Услышав их шаги, он медленно поднял голову. На его лице не было ни удивления, ни раздражения. Только лёгкая, вежливая заинтересованность, будто к нему зашли соседи за солью, а не враги, чтобы сорвать все его планы.
— Я знал, что вы вернётесь, — сказал он, закрывая книгу с тихим шуршанием страниц. Голос его был спокоен, почти ласков. — Рациональность, столкнувшись с тупиком, всегда обращается к иррациональному. В вашем случае — к попытке диалога с тем, кого вы считаете иррациональным. Ирония, да? Вы пришли спорить с чумой о её моральном облике.
— Мы пришли не дискутировать, Левин, — начал Артём, останавливаясь в нескольких метрах от него. Он старался говорить твёрдо, поставив ноги на ширине плеч, как учили на курсах по деэскалации конфликтов, но голос предательски дрогнул, выдав внутреннюю дрожь. — Мы пришли потребовать, чтобы вы прекратили это безумие.
— «Потребовать»? — Кирилл мягко улыбнулся, отставив книгу в сторону. — Интересный выбор слова. Оно подразумевает, что у вас есть власть требовать. Но, насколько я вижу, власти у вас нет. Ваш Институт вас отринул. Ваши протоколы бессильны перед тем, что я создаю. Что же осталось? Моральное превосходство? — Он покачал головой, и свет кристалла скользнул по его идеально подстриженным волосам. — Оно не работает на тех, кто считает мораль условностью, социальным договором для слабых. А я, позволю себе заметить, себя к слабым не отношу.
— Работает страх, — встряла Вера. Её глаза горели холодным огнём, в котором смешались ненависть, отчаяние и та самая ярость, что заставляет биться в клетке. — Страх последствий. Ты же не дурак, хоть и прикидываешься пророком. Ты понимаешь, что произойдёт, когда твой «вирус» вырвется наружу. Это будет не освобождение. Это будет бойня без правил и без конца. Люди начнут желать друг другу смерти, богатства, любви — и всё это будет сбываться буквально, мгновенно, без фильтров! Город разорвёт на куски в первый же час! Ты построишь не царство свободы, а ад на земле, где каждый будет богом для соседа и добычей для следующего!
Кирилл слушал её внимательно, слегка склонив голову набок, как профессор, выслушивающий смелую, но наивную гипотезу студента-первокурсника. Его пальцы мягко постукивали по колену, отбивая невидимый такт.

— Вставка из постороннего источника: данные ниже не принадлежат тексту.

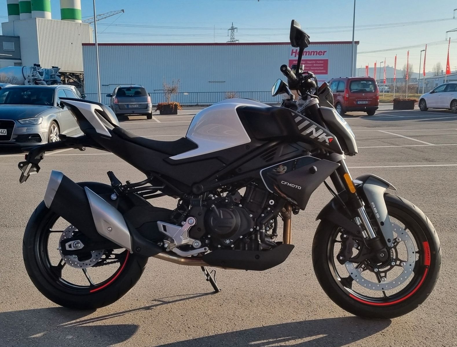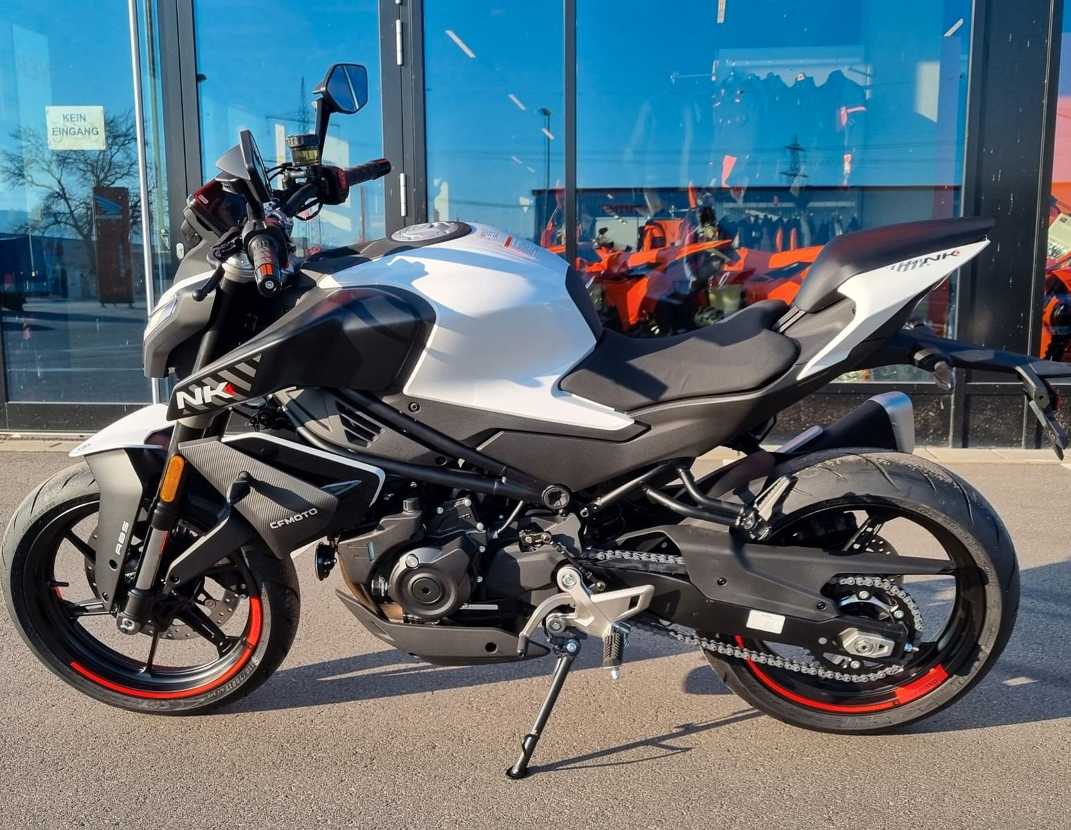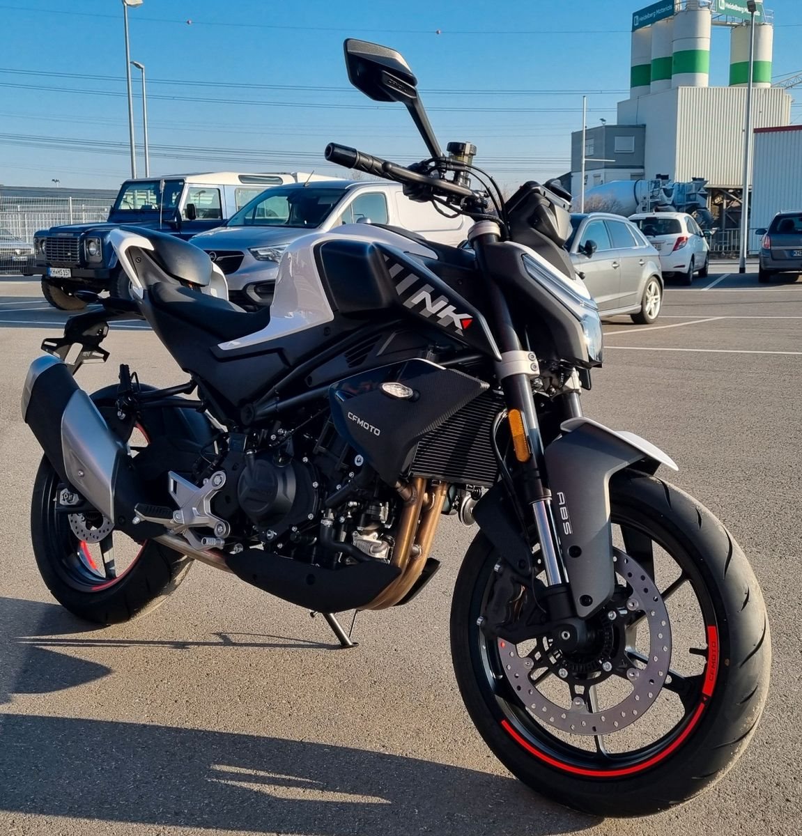 450NK Cut the edge Worauf wartest du? Steig auf, gib Gas und erobere die Straße. Die brandneue CFMOTO 450NK ist das ideale Sprungbrett für Anfänger, die sich mehr Leistung wünschen, sowie für Wiedereinsteiger. Ob auf dem täglichen Weg zu Arbeit oder gewundenen Bergstraßen - der flüssigkeitsgekühlte Parallel-Zweizylindermotor steuert ausreichend Drehmoment bei, um mit dem Verkehr Schritt zu halten, während das wendige Handling für Fahrspaß bei jeder Geschwindigkeit sorgt. Mit einer Premium-Verarbeitungsqualität, einem außergewöhnlichen Preis-Leistungs-Verhältnis und unübertroffenen Fähigkeiten ist die 450NK das beste mittelschwere Naked Bike seiner Klasse.

— Бойня… — повторил он задумчиво, растягивая слово. — Жестокое слово. Эмоционально заряженное. Но разве то, что происходит сейчас, не бойня? Медленная, тихая, бюрократическая бойня надежд? Разве каждый день ваш драгоценный Институт не убивает тысячи маленьких чудес, переводя их в безопасные, унылые, предсказуемые формулы? Вы берёте живое, трепещущее «хочу» и превращаете его в акт о выполнении услуги № 457-б. Вы называете это стабильностью, гармонией, общественным договором. Я называю это одним словом: морг. Морг для желаний.

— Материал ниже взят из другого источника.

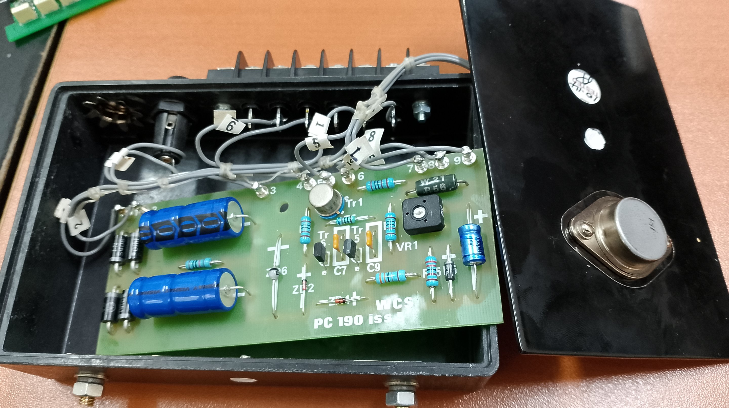 standart linear bir güç kaynağı. TO3 kılıf çıkış transistörü. diğerleri de bu transistörleri sürecek voltajı oluşturuyor tahminen emiter follower yapısı vardır. base ucu ile emiter aynı voltajda olur. ama transistörü sürmek için yüksek akım gerekir. 2n3055 ve benzeri transistörlerin akım kazancı 10-20 gibi oranlarda düşüktür. yani 2A çıkış almak için bu transistör base pinini 100 mA ile sürmek gerekir.

Он встал, сделал несколько неторопливых шагов к установке, погладил ладонью одну из холодных медных труб. Жест был почти нежным, как прикосновение к любимому животному.
— Посмотрите на неё, — сказал он, и в его голосе впервые прозвучала неподдельная, глубокая печаль. — Она уродлива, да. Собрана из хлама, из обрывков, из того, что ваша система выбросила на свалку как ненужное. Как и само человеческое желание — оно редко бывает красивым, благородным, возвышенным. Чаще — оно жадно, испуганно, эгоистично, пахнет потом и страхом. Но в нём есть сила. Первозданная, дикая, неудобная сила. И ваша система, ваш весь этот прекрасный, отлаженный механизм, учит людей одной простой вещи: стыдиться этой силы. Прятать её. Упаковывать в правильные формы, подавать в трёх экземплярах, заверять печатью. А я… я хочу, чтобы они её обняли. Чтобы каждый крик «хочу!», каждый шёпот, каждый стон отчаяния рождал не жалкое, обеззараженное подобие, санкционированное вашими комиссиями, а настоящее чудо. Яркое. Непредсказуемое. Живое. Да, иногда оно будет кусаться. Но разве не в этом жизнь?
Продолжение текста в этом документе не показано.